A poorly scaled model is one that computes values of the objective, constraints, or intermediate results that differ by several orders of magnitude. A classic example is a financial model that computes a currency amount in millions or billions and a return or risk measure in fractions of a percent. Because of the finite precision of computer arithmetic, when these values of very different magnitudes (or others derived from them) are added, subtracted, or compared – in the user’s model or in Solver’s own calculations – the result will be accurate to only a few significant digits. After many such steps, Solver may detect or suffer from “numerical instability.”

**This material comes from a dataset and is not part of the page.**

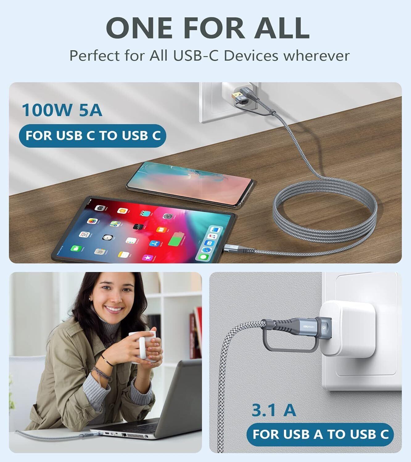 AviBrex 2in1 USB Type C ケーブル 1M, USB-A/USB-C to USB-C ケーブル【100W/5A PD& QC4.0対応 急速充電】 タイプc 充電ケーブル iphone15/アイホン16 シリーズ,MacBook Pro/iPad Pro,Galaxy S24 S23 S22、Sony,Pixel その他usb c機器と互換性があり (グレー)
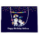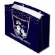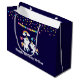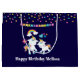 Grattis på födelsedagen-presentväska med 2 söta dansunicorns med ljust och färglöst svan, och mane. En färgstark regnbåge med moln på varje sida ovanför huvudet. I andra inslag finns en liten blomma ett hjärta och några stjärnor. Mörkens lila - bakgrund. Färgfulla konfektpunkter och en buntbanderoll längs överkanten.

The effects of poor scaling in a large, complex optimization model can be among the most difficult problems to identify and resolve. It can cause Solver to return messages such as “Solver could not find a feasible solution,” “Solver could not improve the current solution,” or even “The linearity conditions required by this LP Solver are not satisfied,” with results that are suboptimal or otherwise very different from your expectations. The effects may not be apparent to you, given the initial values of the variables, but when Solver explores Trial Solutions with very large or small values for the variables, the effects will be greatly magnified.
Dealing with Poor Scaling
The Solver Options dialog includes a Use Automatic Scaling check box. When this box is selected (it is selected by default), Solver rescales the values of the objective and constraint functions internally in order to minimize the effects of poor scaling. But this can only help with Solver’s own calculations – it cannot help with poorly scaled results that arise in the middle of your Excel formulas. Further, in some poorly scaled models, automatic scaling can make things worse rather than better – so you may wish to try clearing this check box and re-solving.
The best way to avoid scaling problems is to carefully choose the “units” implicitly used in your model so that all computed results are within a few orders of magnitude of each other. For example, instead of expressing currency amounts in single units, you could express them in units of (say) millions, if appropriate for your model, so the actual numbers computed on your worksheet may range from perhaps 1 to 1,000.